My training structure at the moment is typically three days on, one off, as planned. Though I rest depending on when I need it, so sometimes I don't always make it to three days before I have a rest day. Also, of note, is that I am still not running often, so you won't see the typical aerobic runs interspersed throughout. Likely a good thing though, as they might send me over the edge if added in. Also, this kind of work is only planned to be held for three weeks max. After that, I will have a recovery week. A VERY big recovery week. As this particular training block is meant to overload my body to a much deeper fatigue than one might normally attempt.
But, here is an example of what my last three day swim/bike block looked like:
Wed AM- 39 mile bike, very hard. First 45 minutes doing all that I could to stay on Andrey's (Russian Pro) wheel.
Wed PM- 2000yd swim. Main set: 2x200, 4x100 hard.
Thurs AM- 82 mile bike, hilly and hard. With Nina Kraft and Teemo.

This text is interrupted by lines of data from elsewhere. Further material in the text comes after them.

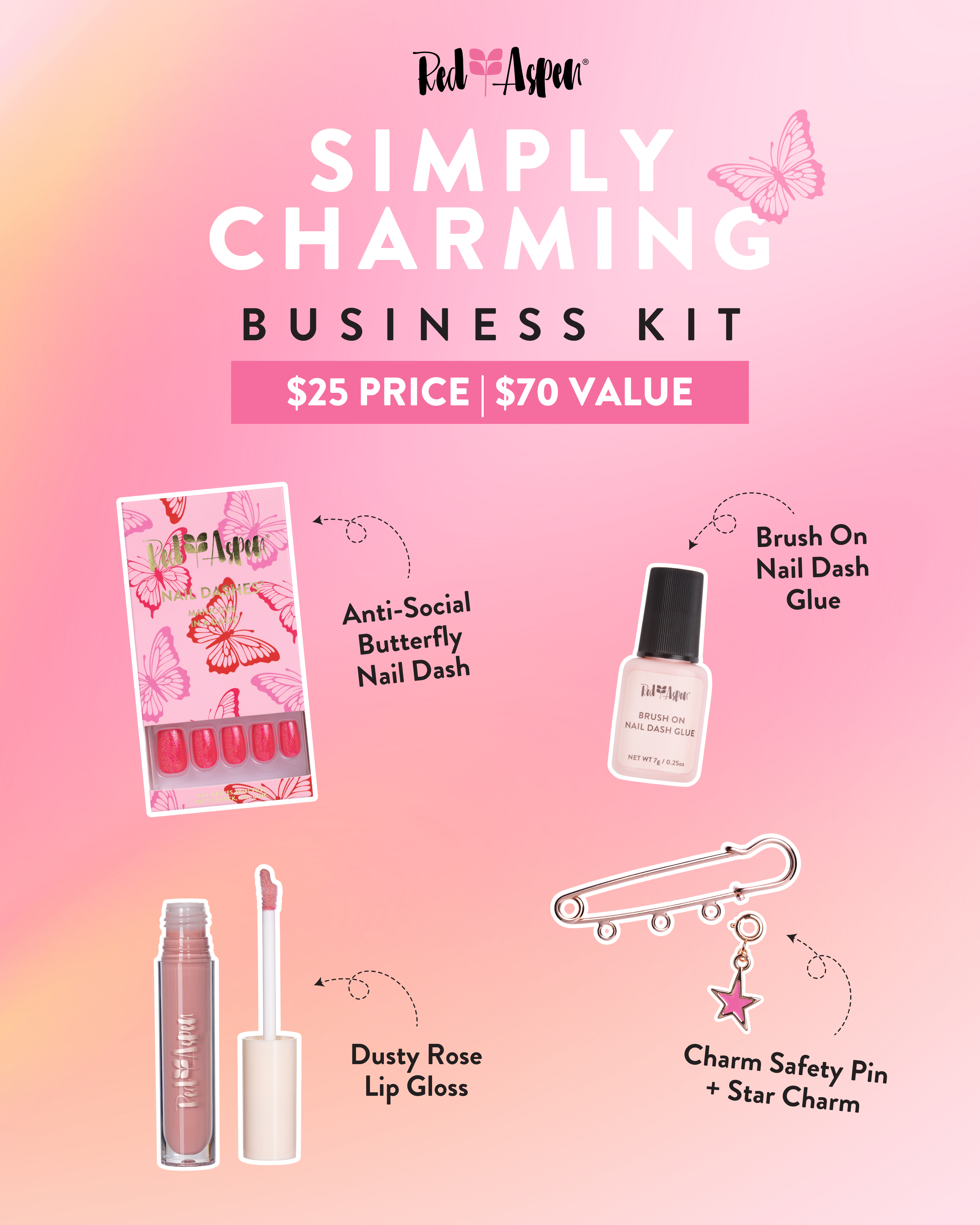 The Simply Charming Business Kit includes an Anti-Social Butterfly, Mimi Nail Dash, a Brush On Nail Dash Glue, Dusty Rose Lip Gloss, and a Charm Safety Pin with Star Charm for just $25! ($70 value)
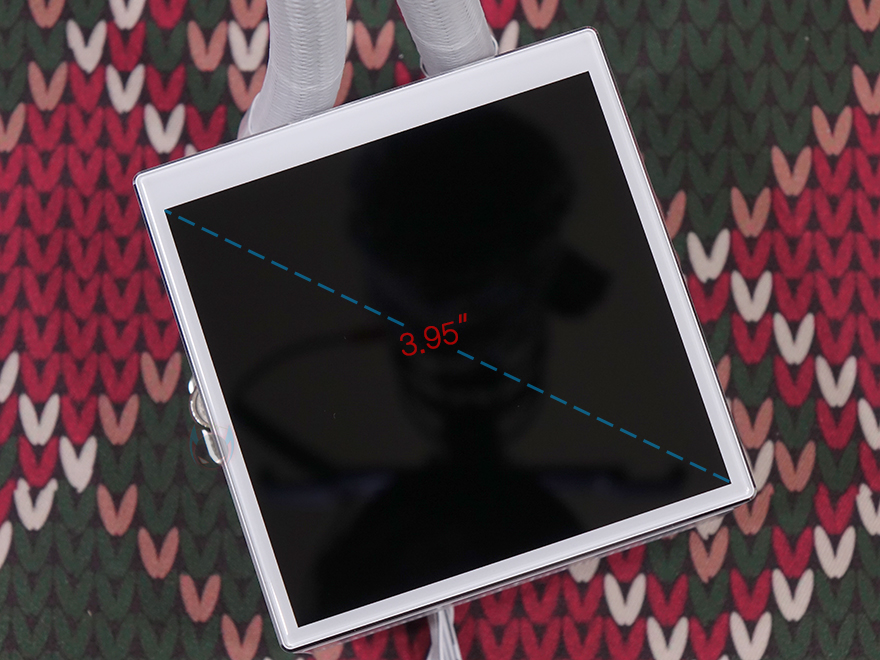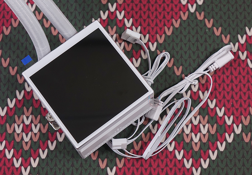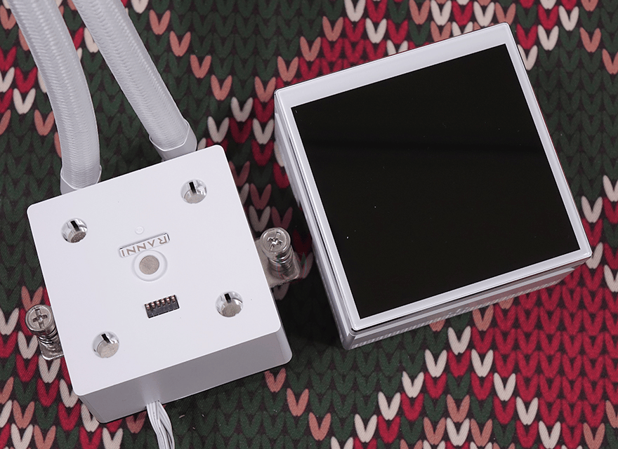 워터블록은 앞서 제품 박스에서 잠깐 언급했듯이 디스플레이가 적용되었습니다. 물론, 이전 라니 시리즈 제품에서도 디스플레이는 적용되었지만, 이번에 처음으로 사각 디자인의 디스플레이로 적용되었고, 단순 고정화면의 모니터링 디스플레이라 아니라 소프트웨어를 통해 사용자가 커스텀할 수 있는 디스플레이로 적용되었죠. 개봉시 디스플레이에는 보호비닐이 부착되어 있어서 사용 전 제거를 해야 하며, 화면 크기는 3.95인치 대화면에 IPS 패널이 적용되었고, 워터블록에서 디스플레이만 손쉽게 분리할 수 있게 마그네틱 방식을 적용했습니다. 조금 아쉬운 부분이라면, 화면 연결의 포고핀이 고정위치라 디스플레이 회전은 지원하지 않습니다. 그리고, 디스플레이 측면에도 팬과 마찬가지로 RGB 효과를 볼 수 있게 디자인 처리되어 있으며, 워터블록에는 펌프 작동의 4핀 PWM 커넥터와 디스플레이 작동 연결에 USB 내부헤더 케이블, 5V ARGB 케이블이 적용되어 있습니다. 그리고, 워터블록에는 고정 마운트가 기본 적용되어 있으며, CPU와 맞닿는 베이스 부분에는 개봉 시 보호스티커가 부착되어 있기 때문에 제거를 해야 하고, 스티커를 제거하며 구리재질에 깔끔하게 래핑 처리된 표면을 확실할 수 있죠.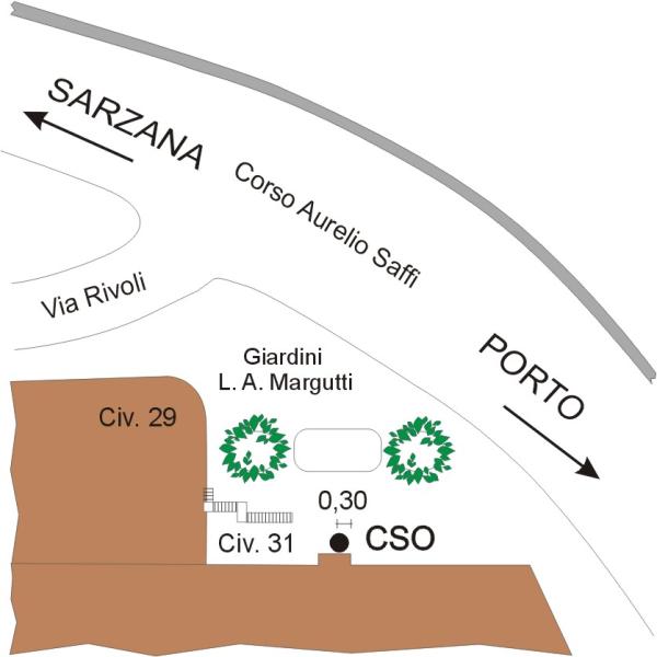 | Contrassegni | [{"simbolo_contrassegno":"P5","materializzazione":"(CSO) Pozzetto protetto da tubo in plastica e coperto da tappo in ghisa cementato in corrispondenza dello spigolo sinistro dell'avancorpo del fabbricato."}] |
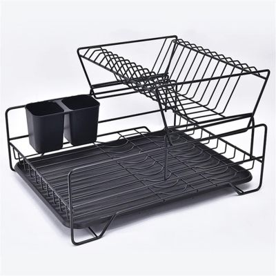 WS0120 DoubleLayer Drain Bowl Storage Rack Black
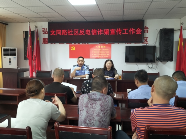 为进一步加大社会面防范电信网络诈骗的宣传力度,提高广大群众的防范电信诈骗意识。文同社区和县公安局森林警察大队结合辖区实际情况,对不同群体进行分类,点对点开展针对性宣传工作,重点对辖区留守老人、家庭妇女、学生易受骗群体进行“地毯式”派发宣传资料、召开座谈会、以案说法等形式,对目前较多发的电信网络诈骗手段进行分析,向群众详细讲解了最新的网络兼职刷单、网上刷信誉、冒充熟人网上借钱、冒充学校老师、冒充“公检法”等电信网络诈骗手段和伎俩,提高群众防范、应对电信诈骗的意识和能力。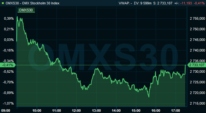 Vid stängning hade OMXS30 sjunkit 0,4% till 2 733. Aktier för 16 miljarder kronor hade då omsatts på Stockholmsbörsen i sin helhet.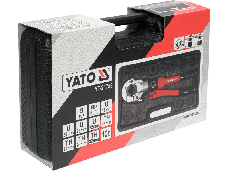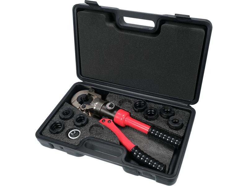 Hidraulikus kézi prés PEX-AL-PEX, PERT-AL-PERT csövek szerelvényeinek krimpeléséhez 8 darabos szerszámkészlettel. Hidraulikus hengerrel van felszerelve, amely lehetővé teszi a szerelvények pontos és szoros krimpelését 10T nyomóerővel. A gyors szerszámcsere-rendszer lehetővé teszi a szerszámok egyszerű cseréjét.

Cracked from dehydration near the end.
Thurs PM- 2500lcm swim. Lots of fluff, too tired to swim a hard pace.
Fri AM- 40 mile bike, solo, medium hard.
Fri PM- 28 mile bike, hilly, medium hard, with 3 x 3 minute all out intervals.
Fri PM- 4 mile run, 4x800 on track at 5k pace.
Fri PM- 600lcm swim, cool down from run.
As you can see, each day has quite a bit of intensity. At the end of this, I felt surprisingly good. However, it turned out I needed two relatively, short, easy days instead of one before I could get back to a hard workout again. This is fine. Broken down to simplicity, the way to get faster is to overload your body and let it recover. Again and again and again. For most, it will likely be one or two hard days before a recovery day, but with experience and fitness, the body becomes able to handle more and more. One of the pros I train with often goes four on, one off. His off day is usually only an easy swim or bike, but for his "on" days, he is swimming, biking AND running very fast and very hard for most of it. Very little is what most would consider relaxed or easy. Though since he is an Ironman athlete coming from an ITU background, for him most of his workouts are considered "not hard".